The work consists of 59 pieces, stories perhaps although some are closer to prose poems (Christine Sharpe's introduction describes them as 'these stories, these drafts, these fictions, these meditations, songs, dreams and spells'), together with Opening and Closing Remarks. The Opening Remarks begin:

THE MURDERERS IN THIS DRAFT are those who write the laws, who tell you to prepare for the tragedy of the afternoon because they have claimed-with their Black Codes-every morning of every country on Earth. They won't tell you that it is their minister, their president, their physician, or their deacon swept up in another breaking, buried language all those who will be ridiculed by midmorning. The murderers must admit you are growing into their fictions, that it is your hello that begins the conjuring. There is only one word for this fiction in the English language: belief. And two in the French: croyance et loi. Okay, there's also la foi. But who's counting? In five minutes a strange order of time that does not involve experience or awareness-only innocence-will arrive, and you must be prepared. On another bridge, with a lit match, there's a poet asking, What does it mean to speak as though the world you know is the world?

I do not require your belief.


Each piece is paired (although not in numerical order) with one of the Articles of the Code Noir, a decree passed by King Louis XIV of France in 1685 defining the conditions of slavery in the French colonial empire, as the author explains:

THIS IS A work of invention. I draw the epigraph for each of the fictions in Code Noir from Louis XIV's Code Noir (1685). These laws governed chattel slavery and have had a profound hand in shaping the modern world. They are artefact in this work of literature.

And each Article from the Code Noir, as translated by Lubrin, is presented with an overlaid charcoal artwork by Torkwase Dyson, one example:

description

The stories/drafts are set in different places, although Toronto and St Lucia feature frequently, and in different times, indeed some of the stories reject the conventional boundaries of time:

[23]
METAMORPHOSIS 2: CORPSE EXQUISITE


THE EARTH WAS a boiling world. Across the continents, voices for every language moved through something like time: the idea, the theory, in the direction of something, a solution maybe. But time was kept separate from everything visible beyond the plantation. The clock-towers, long evaporated, will reappear when the fires cease again in one hundred years.

Across the continents, we met stone gods with wrecked noses, infant deities painted in egg tempera, stroked to erections by their mothers and framed in the rooms of men-at-arms; we laid marble effigies to dust, naming things against which we thrashed and lived. With the feeling that we were travelling towards a wind that would scatter oue lives elsewhere, past any perfect space, we left that world behind. We had no songs for killing left in us and we raised our glasses to finish off our beers because the hour of the new human being was at hand.

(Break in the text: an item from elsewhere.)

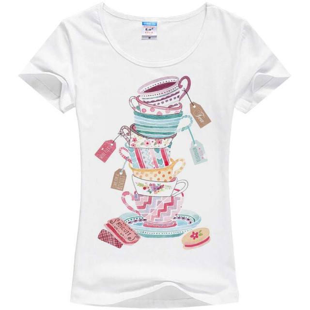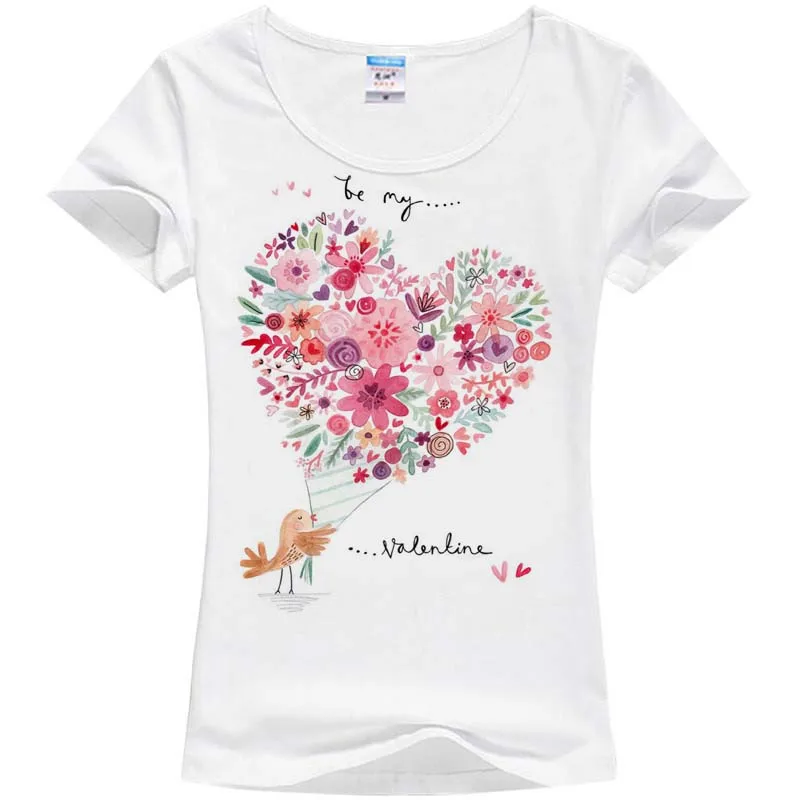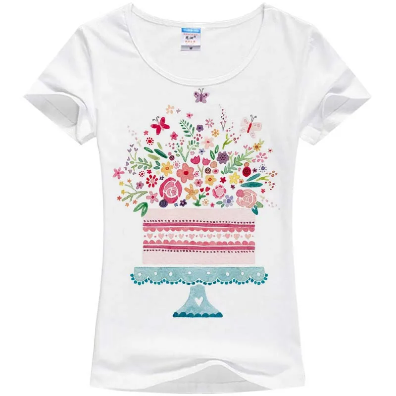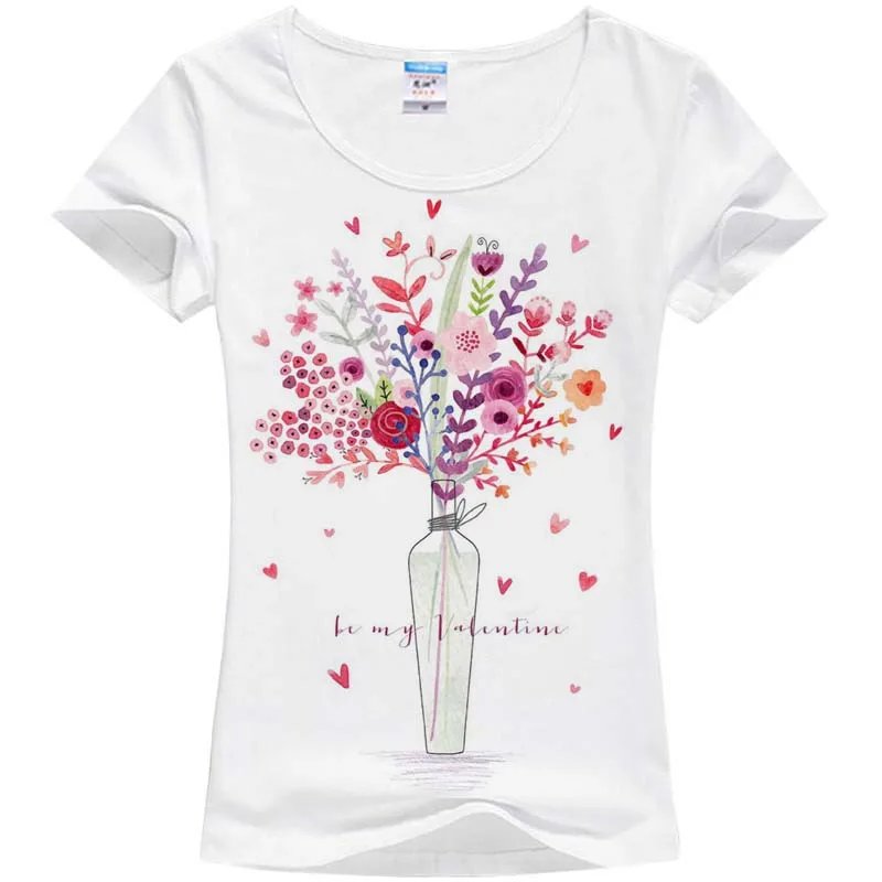 Personality vase flower print women T-shirt summer women’s small fresh round neck T-shirt factory outlets B-6#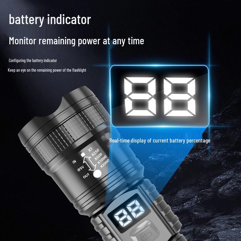 Rechargeable Zoomable Flashlight: Long-Range, Portable, Digital Display for Outdoor, Household, and Emergency Use

What, then, did we bring to our new evening?


My favourite story was '[39] A History of a Noise' which, as well as dissecting Disraeli's 1864 words "Is man an ape or an angel? My lord, I am on the side of the angels" (referring at the time to the debate on evolution), and touching on the colonial history of St Lucia manages to include the mathematical formulae for compound interest and volume of a pyramid, and a graphical representation of the existence of both a (actually two of each) direct common tangents and tranverse common tangents between any two non-overlapping circles (as an aside, a theorem proved I think neatly via the intermediate value theorem).

The Closing Remarks read simply:

NOW THAT YOU have read all the early draft, prepare for consequences from friends, lovers and enemies

The author discussed the book in detail with the Between the Covers podcast - transcript available here.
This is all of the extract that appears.